What the task asks.
For the listing below, the answer is an exact retyping of the lines from the one with "县委书记在全县高质量发展动员" through the one with "Шелк сатин - это", both included, without pictures.

Data extracts.
┌──

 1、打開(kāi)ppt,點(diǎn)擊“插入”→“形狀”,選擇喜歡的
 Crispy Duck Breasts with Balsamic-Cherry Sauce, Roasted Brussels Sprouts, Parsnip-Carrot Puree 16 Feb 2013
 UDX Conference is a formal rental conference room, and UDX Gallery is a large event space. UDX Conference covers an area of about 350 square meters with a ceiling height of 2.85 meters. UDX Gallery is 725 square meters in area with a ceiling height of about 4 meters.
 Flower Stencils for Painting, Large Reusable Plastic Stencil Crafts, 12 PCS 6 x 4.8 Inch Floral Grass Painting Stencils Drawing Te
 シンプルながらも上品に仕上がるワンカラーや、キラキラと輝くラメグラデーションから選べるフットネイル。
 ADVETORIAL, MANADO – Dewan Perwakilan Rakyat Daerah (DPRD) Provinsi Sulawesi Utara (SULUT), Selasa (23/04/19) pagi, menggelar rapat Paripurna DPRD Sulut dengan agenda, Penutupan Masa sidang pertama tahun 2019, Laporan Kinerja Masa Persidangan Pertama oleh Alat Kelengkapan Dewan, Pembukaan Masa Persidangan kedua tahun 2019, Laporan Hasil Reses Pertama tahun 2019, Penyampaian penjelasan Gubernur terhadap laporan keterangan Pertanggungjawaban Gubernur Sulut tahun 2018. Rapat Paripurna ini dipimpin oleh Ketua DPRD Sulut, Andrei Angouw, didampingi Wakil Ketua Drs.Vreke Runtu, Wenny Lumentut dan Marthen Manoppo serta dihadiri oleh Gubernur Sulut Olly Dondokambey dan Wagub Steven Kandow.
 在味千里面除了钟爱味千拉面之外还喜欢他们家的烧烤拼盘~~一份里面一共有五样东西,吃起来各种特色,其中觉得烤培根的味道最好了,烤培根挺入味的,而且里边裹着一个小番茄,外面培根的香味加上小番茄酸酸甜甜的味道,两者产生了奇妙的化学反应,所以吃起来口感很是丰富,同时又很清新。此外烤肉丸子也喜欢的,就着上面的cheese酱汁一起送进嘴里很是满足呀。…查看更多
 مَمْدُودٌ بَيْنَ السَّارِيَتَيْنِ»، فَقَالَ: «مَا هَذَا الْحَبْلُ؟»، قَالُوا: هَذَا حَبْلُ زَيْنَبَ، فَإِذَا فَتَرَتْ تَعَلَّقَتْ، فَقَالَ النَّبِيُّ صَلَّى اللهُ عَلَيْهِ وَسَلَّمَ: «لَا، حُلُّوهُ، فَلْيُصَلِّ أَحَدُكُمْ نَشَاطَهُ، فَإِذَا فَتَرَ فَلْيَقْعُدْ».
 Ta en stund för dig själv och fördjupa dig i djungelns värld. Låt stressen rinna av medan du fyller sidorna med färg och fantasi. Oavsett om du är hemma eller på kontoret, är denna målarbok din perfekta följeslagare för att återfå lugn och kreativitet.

└──
┌──

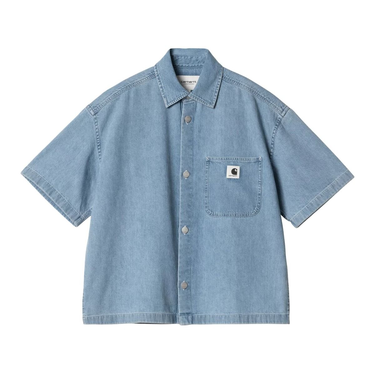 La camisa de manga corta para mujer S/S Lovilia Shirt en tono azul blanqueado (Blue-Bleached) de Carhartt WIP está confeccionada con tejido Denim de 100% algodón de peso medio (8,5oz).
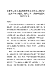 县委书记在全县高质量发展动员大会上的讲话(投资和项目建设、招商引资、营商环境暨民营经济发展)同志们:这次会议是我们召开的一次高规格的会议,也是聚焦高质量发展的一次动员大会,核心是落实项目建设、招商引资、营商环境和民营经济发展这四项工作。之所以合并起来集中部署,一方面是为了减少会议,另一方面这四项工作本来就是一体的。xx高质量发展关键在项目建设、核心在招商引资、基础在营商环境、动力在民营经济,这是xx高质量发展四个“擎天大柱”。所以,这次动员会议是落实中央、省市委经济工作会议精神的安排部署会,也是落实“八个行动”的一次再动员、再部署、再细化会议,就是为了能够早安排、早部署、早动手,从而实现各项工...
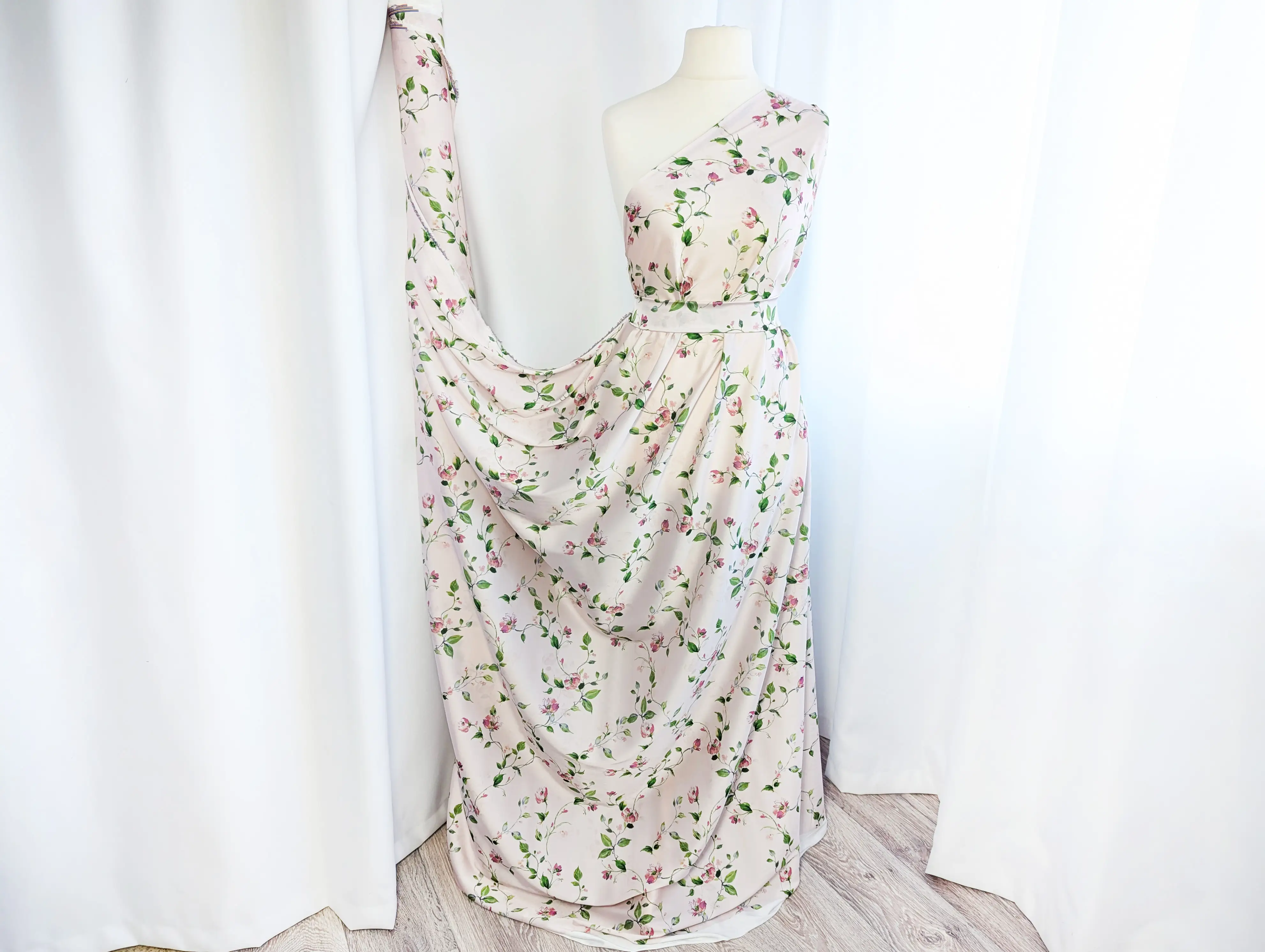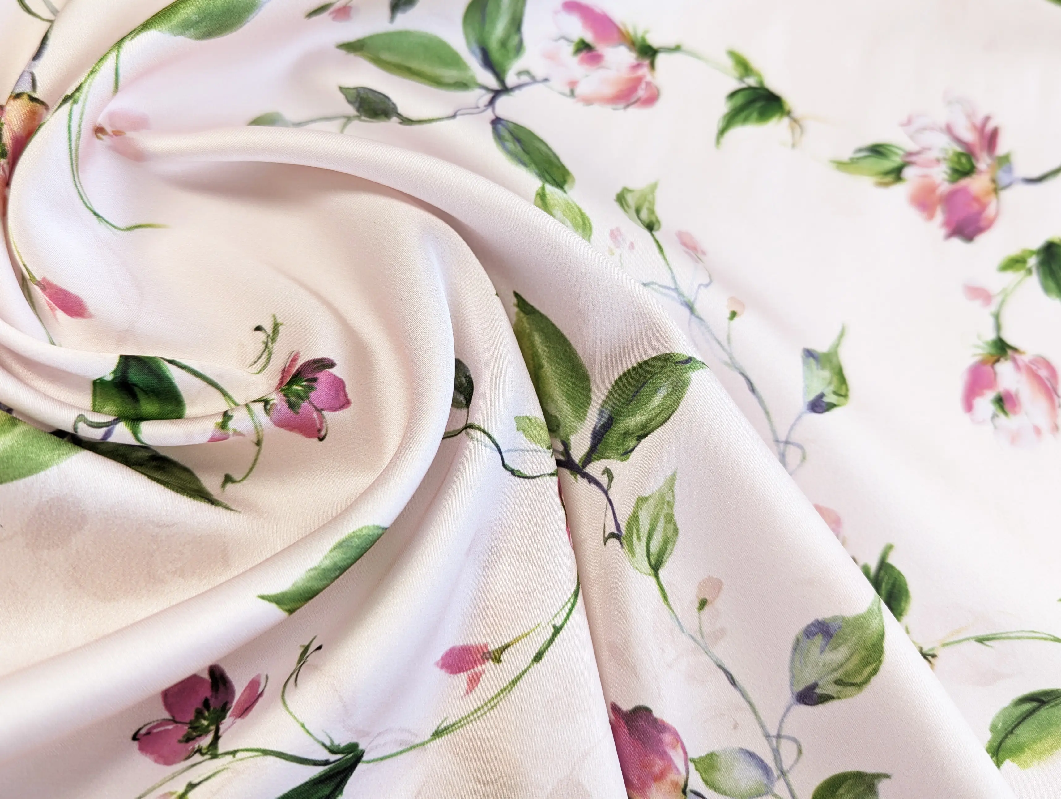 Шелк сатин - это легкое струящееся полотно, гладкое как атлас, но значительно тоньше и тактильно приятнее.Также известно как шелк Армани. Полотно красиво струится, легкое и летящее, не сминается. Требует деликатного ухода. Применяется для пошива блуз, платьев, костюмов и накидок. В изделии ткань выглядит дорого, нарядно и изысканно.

└──

Task result.
 县委书记在全县高质量发展动员大会上的讲话(投资和项目建设、招商引资、营商环境暨民营经济发展)同志们:这次会议是我们召开的一次高规格的会议,也是聚焦高质量发展的一次动员大会,核心是落实项目建设、招商引资、营商环境和民营经济发展这四项工作。之所以合并起来集中部署,一方面是为了减少会议,另一方面这四项工作本来就是一体的。xx高质量发展关键在项目建设、核心在招商引资、基础在营商环境、动力在民营经济,这是xx高质量发展四个“擎天大柱”。所以,这次动员会议是落实中央、省市委经济工作会议精神的安排部署会,也是落实“八个行动”的一次再动员、再部署、再细化会议,就是为了能够早安排、早部署、早动手,从而实现各项工...
 Шелк сатин - это легкое струящееся полотно, гладкое как атлас, но значительно тоньше и тактильно приятнее.Также известно как шелк Армани. Полотно красиво струится, легкое и летящее, не сминается. Требует деликатного ухода. Применяется для пошива блуз, платьев, костюмов и накидок. В изделии ткань выглядит дорого, нарядно и изысканно.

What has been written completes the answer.